INFORMATION:
■ ■ ■ ■ ■

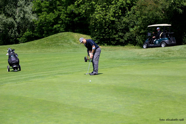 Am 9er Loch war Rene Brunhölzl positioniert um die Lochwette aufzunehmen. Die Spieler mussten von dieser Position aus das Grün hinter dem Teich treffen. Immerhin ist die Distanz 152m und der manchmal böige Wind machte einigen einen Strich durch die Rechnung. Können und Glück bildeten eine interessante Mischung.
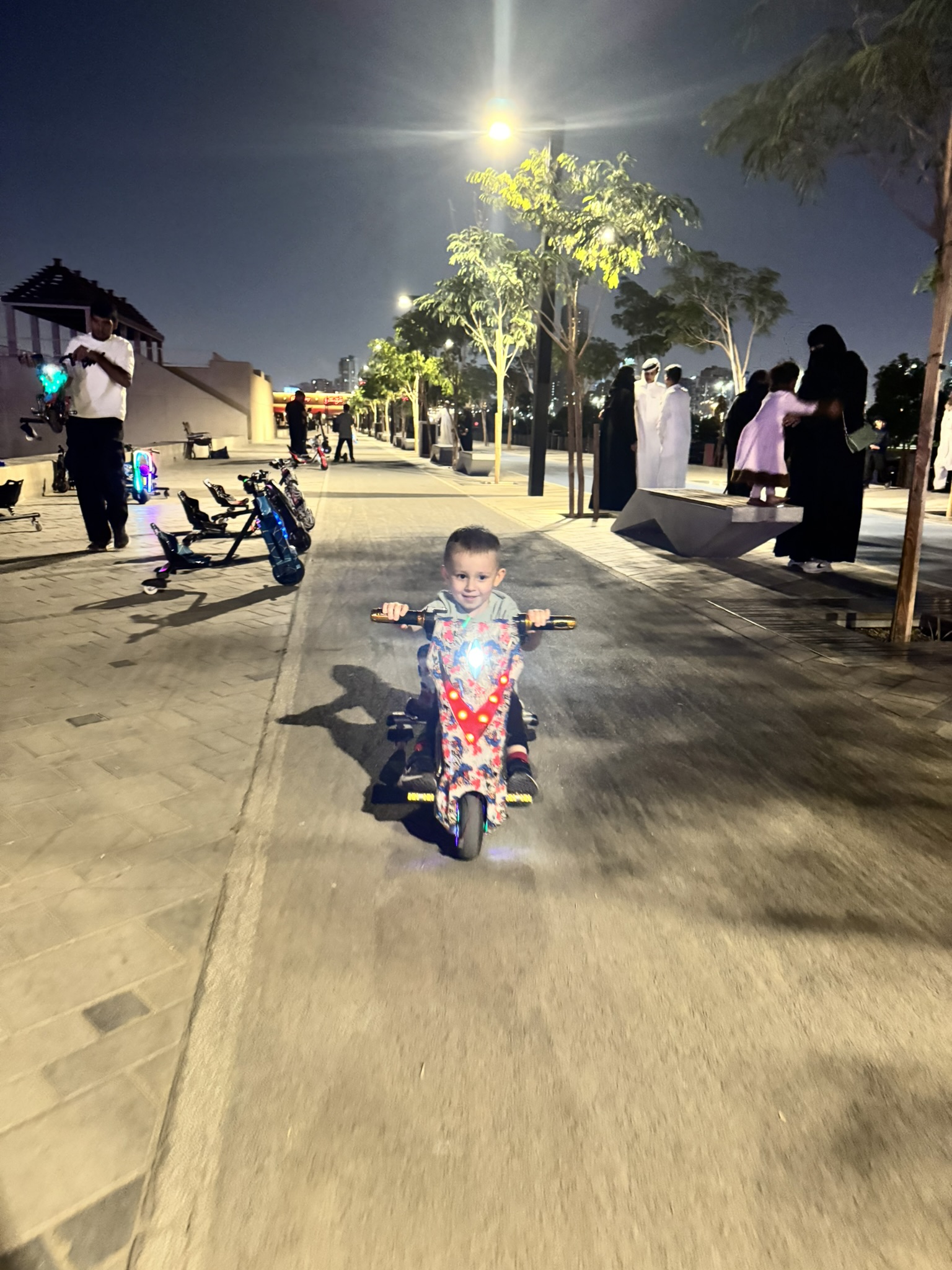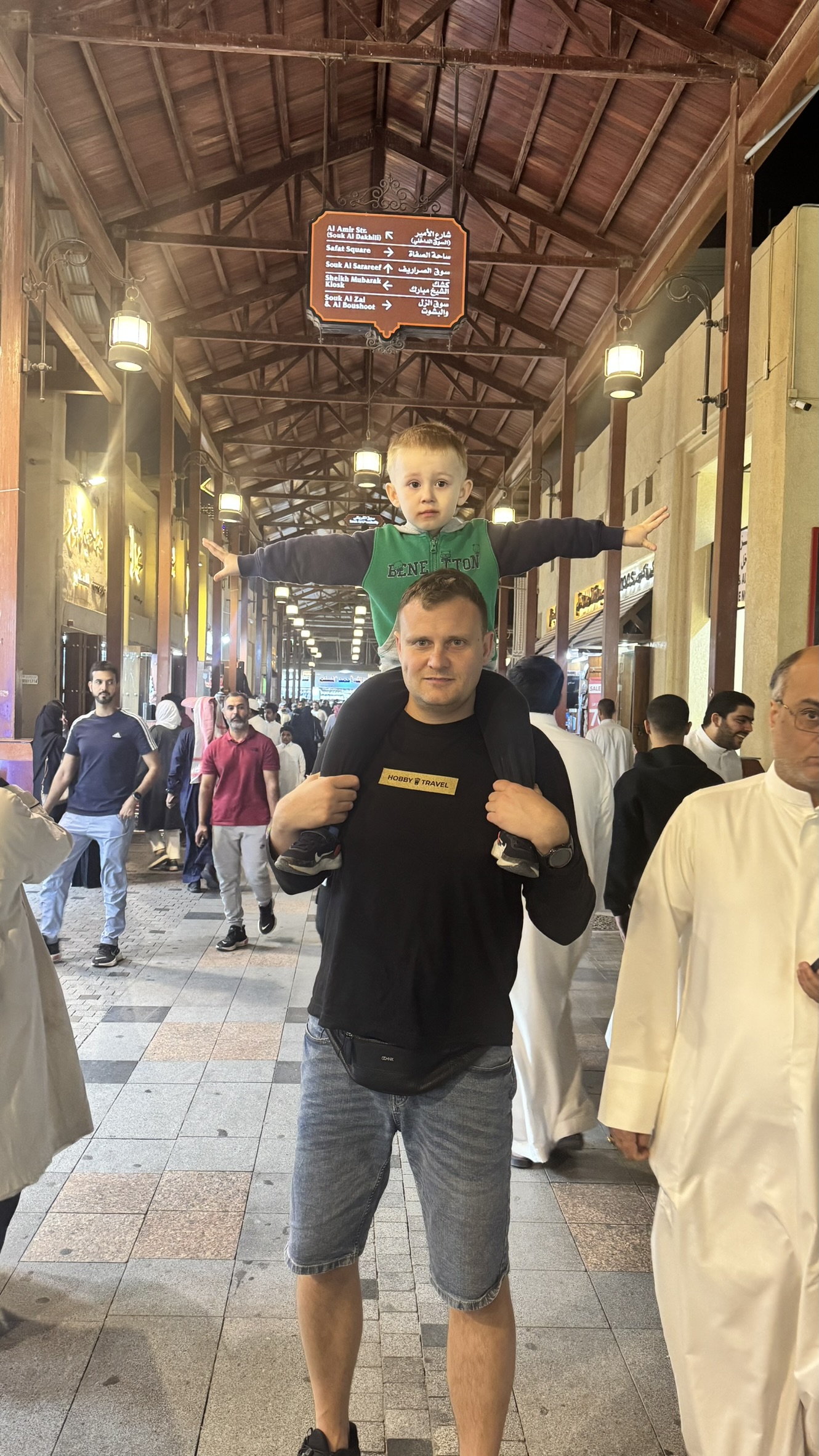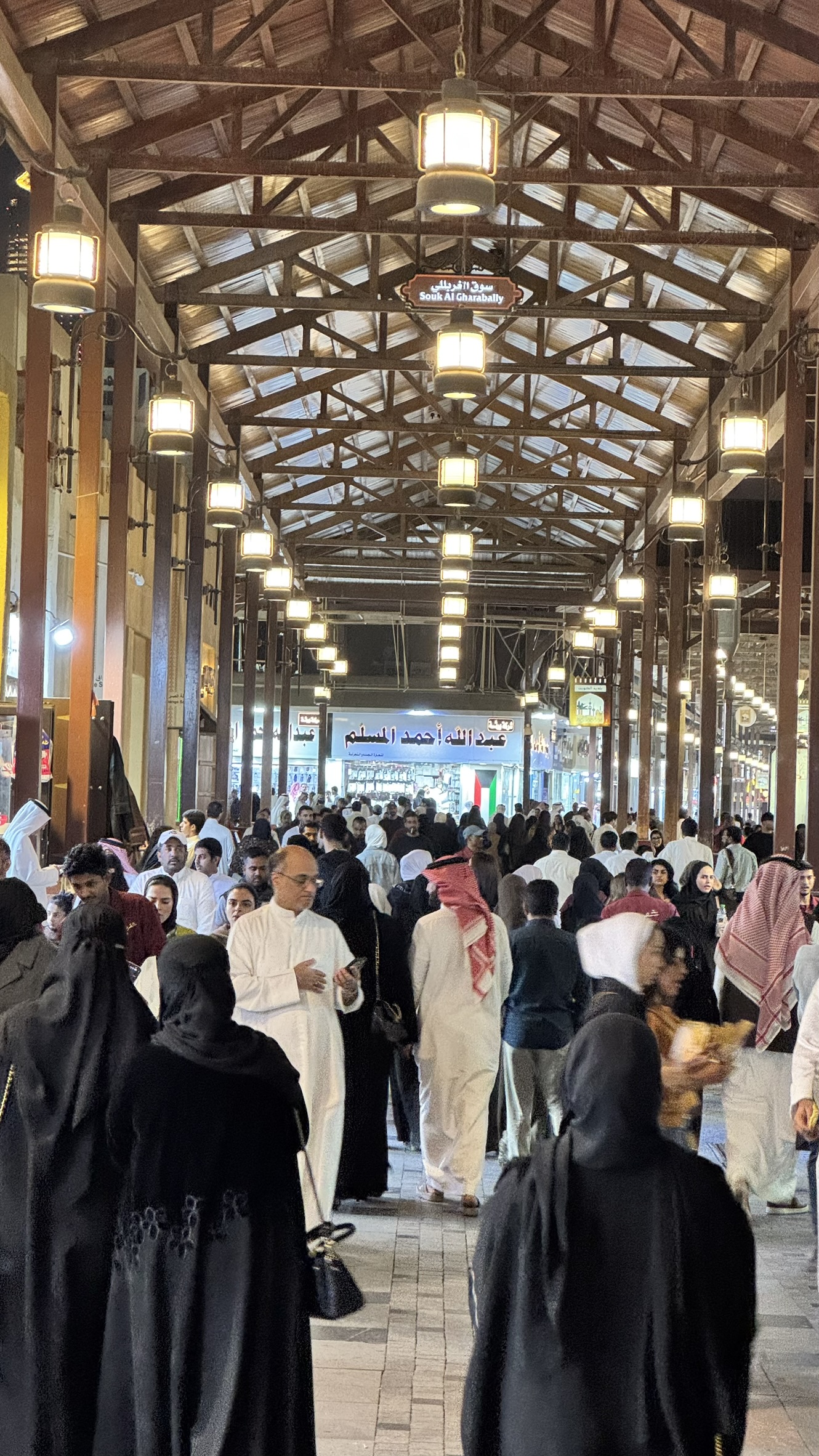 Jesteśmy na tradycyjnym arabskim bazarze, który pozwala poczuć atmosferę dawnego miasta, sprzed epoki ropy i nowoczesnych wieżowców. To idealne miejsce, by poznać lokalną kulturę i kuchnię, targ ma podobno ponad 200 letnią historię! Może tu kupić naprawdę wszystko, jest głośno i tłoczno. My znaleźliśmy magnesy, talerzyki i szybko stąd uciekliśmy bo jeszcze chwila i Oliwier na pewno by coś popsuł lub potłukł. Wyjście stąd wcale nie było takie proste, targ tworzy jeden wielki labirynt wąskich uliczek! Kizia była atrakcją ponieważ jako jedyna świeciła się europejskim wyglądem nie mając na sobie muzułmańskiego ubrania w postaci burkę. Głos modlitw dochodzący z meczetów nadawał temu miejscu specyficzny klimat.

■ ■ ■ ■ ■

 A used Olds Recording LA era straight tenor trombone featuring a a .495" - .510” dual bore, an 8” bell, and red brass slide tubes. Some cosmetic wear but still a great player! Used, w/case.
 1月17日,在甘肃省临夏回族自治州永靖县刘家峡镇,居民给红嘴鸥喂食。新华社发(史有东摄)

■ ■ ■ ■ ■

THE TASK: Between and including the line with "Am 9er Loch" and the line with "Jesteśmy na tradycyjnym", repeat every line exactly as it appears above, with pictures left out.

PROBLEM SOLUTION:
 Am 9er Loch war Rene Brunhölzl positioniert um die Lochwette aufzunehmen. Die Spieler mussten von dieser Position aus das Grün hinter dem Teich treffen. Immerhin ist die Distanz 152m und der manchmal böige Wind machte einigen einen Strich durch die Rechnung. Können und Glück bildeten eine interessante Mischung.
 Jesteśmy na tradycyjnym arabskim bazarze, który pozwala poczuć atmosferę dawnego miasta, sprzed epoki ropy i nowoczesnych wieżowców. To idealne miejsce, by poznać lokalną kulturę i kuchnię, targ ma podobno ponad 200 letnią historię! Może tu kupić naprawdę wszystko, jest głośno i tłoczno. My znaleźliśmy magnesy, talerzyki i szybko stąd uciekliśmy bo jeszcze chwila i Oliwier na pewno by coś popsuł lub potłukł. Wyjście stąd wcale nie było takie proste, targ tworzy jeden wielki labirynt wąskich uliczek! Kizia była atrakcją ponieważ jako jedyna świeciła się europejskim wyglądem nie mając na sobie muzułmańskiego ubrania w postaci burkę. Głos modlitw dochodzący z meczetów nadawał temu miejscu specyficzny klimat.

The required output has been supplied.